The crowd grew to forty, interested and hearty, no high heels, plenty of North
Face.
I asked the kids to bring back anything they thought we could weave in to a story, ‘except poo.’ My idea of a joke.
‘Or
a deer,’ added a blonde boy. Much better joke than mine.
Off
we tramped, in a long straggly line. Andy made us pick and eat weeds, insisting
they were like rocket. Unbelievably the children did as he said. No tomato
sauce, no bribing, no threats. I bowed to his greater powers.
We
passed a fallen branch that looked like a dinosaur, found leaves that could
have been lions’ teeth, mushrooms shaped like bones, and poisonous berries, red
of course, that I had to confiscate for my sanity. The rain came down but we
were in the thicket, so the walk went on. Andy had the adults right behind him,
like the Pied Piper, whereas I brought up the rear, herding the wayward and sadly
unable to hear the folklore he was sharing. An hour went by, and, much as the
organic nature of it all was nice, it was time to get inside or there would be
no story, and no quaffing.
Twenty
children followed me to an upper room in the stable block. I emptied my pockets
full of mulch and tried to arrange our finds on a table as though they were
precious. Time to tie it all together.
Without
the two unsupervised 3-year olds I might have stood a chance of coaxing some
gems out of my enthusiastic tribe but it was a case of lowest common
denominator. Luckily I don’t measure success by the quality of the output as
much as by the decibels. Decibels were good.
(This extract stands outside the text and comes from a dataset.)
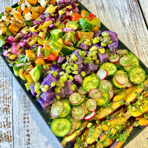 PUMPKIN, SPINACH, WALNUT AND FETA SALADMake this salad in any quantity, adjusting the ingredients to suit the number of people you’re serving.Choose a pumpkin variety suitable for roasting. Cut into bite-sized pieces (skin on or off), drizzle with a little oil, sprinkle with salt, and toss to coat. Roast in a preheated oven at 220 °C for about 15 minutes, or until fork-tender.While the pumpkin cooks, add the walnuts to the tray and roast briefly, keeping a close eye on them as they toast quickly.Once the pumpkin has cooled slightly, place it in a mixing bowl with fresh baby spinach leaves. Toss gently with a light dressing of lemon juice, olive oil, and a pinch of salt. Add cubed plant-based feta and the roasted walnuts, toss again to combine, and serve immediately. BUTTER BEANS, SHREDDED BEET LEAVES AND PICKLED ONIONTop and tail the butter beans (adjust the quantity to suit the number of people you’re serving), then cut into uniform lengths. Add to a pot of boiling salted water and cook for about 3 minutes, just until tender-crisp. Drain and cool.In a mixing bowl, combine the beans with shredded beet leaves, finely diced beet stems and pickled onion. Prepare a light dressing, drizzle over the salad, and toss gently to coat before serving. LEBANESE GARDEN SALADThis colourful salad is full of freshness and flavour. Use a mix of small tomatoes (different colours look especially nice), chop cucumber into bite-sized chunks and dice capsicum in the colour of your choice. Add finely chopped purple onion, fresh mint, and flat-leaf parsley.For the dressing, whisk together lemon juice, olive oil, salt, and a sprinkle of sumac or za’atar. Drizzle over the salad just before serving and toss gently to combine. PURPLE BLISS POTATO SALADThis salad combines the earthy sweetness of purple potatoes with the crisp bite of celery and the briny tang of capers. Light, fresh, and colourful.Dice purple potatoes and cook in lightly salted water until fork tender. Drain and allow to cool.Add finely diced celery and a spoonful of capers.Make a simple dressing with olive oil, lemon juice, and a pinch of salt.Toss potatoes with the dressing until well coated.Cover and refrigerate for at least 30 minutes before serving to allow the flavours to meld. CUCUMBER, RADISH & DILL SALADFresh and colourful, this salad brings together the cool crunch of cucumber with the peppery bite of radish. Fragrant dill adds a burst of freshness, while a light dressing ties it all together.Slice cucumber and radish into thin rounds.Add plenty of fresh dill.Make a light dressing with lemon juice, olive oil, apple cider vinegar, and a pinch of salt.Toss everything together until well coated.Chill briefly before serving for best flavour. GLAZED BABY CARROTS WITH PISTACHIOSSweet, buttery, and slightly nutty, this colourful salad makes a perfect side dish for any meal. The glaze brings out the natural sweetness of the carrots, while pistachios add crunch and parsley a touch of freshness.Ingredients500 g baby carrots (I used heirloom variety purple dragon)2 tbsp plant butter1 tbsp maple syrup½ tsp mustard powder (optional)Pinch of salt2 tbsp chopped pistachios1 tbsp finely chopped parsleyMethodPreheat oven to 200°C.In a small saucepan, melt butter and stir in maple syrup, salt, and mustard powder if using.Place baby carrots in a baking dish and pour the glaze over them, tossing to coat.Roast for 15–20 minutes, or until fork tender.Allow to cool slightly, then sprinkle with chopped pistachios and parsley before serving.

So was the stamping, attempts at
howler monkeys and terrified screaming. (Still no parents came to check.)
Amazingly,
the older children stuck with me, despite the constant interruptions, and we
fashioned a woodland tale, included all the objects in our display and had some
laughs. In order to achieve this I spent the last ten minutes repeatedly sending
the two toddlers for a run around the mostly windowed room with the magic
words, ‘be goldfish.’ They role-played with gusto.
So,
two hours later we put our muddy boots back on and I returned the children to
their woozy parents. Andy had done them proud by the smell of things. One of
the dads helped me carry my gubbins to the car and off I went, home for late
Sunday lunch. My only regret, not a sip of dandelion champagne or horseradish
vodka graced my palate. My reward, free tickets to take my son to see Andy
McNab. Crikey – with the life he’s had he’ll never need to make anything up . .
.
p.s.
I’ve deliberately omitted the sly hand, poisonous berry and slingshot incident.
3 comments:
It sounds great - and your "be goldfish" ruse was genius! I've tucked that away for a rainy day - thanks!
The whole thing would have terrified me. I like a sedentary audience, a big screen and (most of all) a plan. I doff my cap - you clearly triumphed!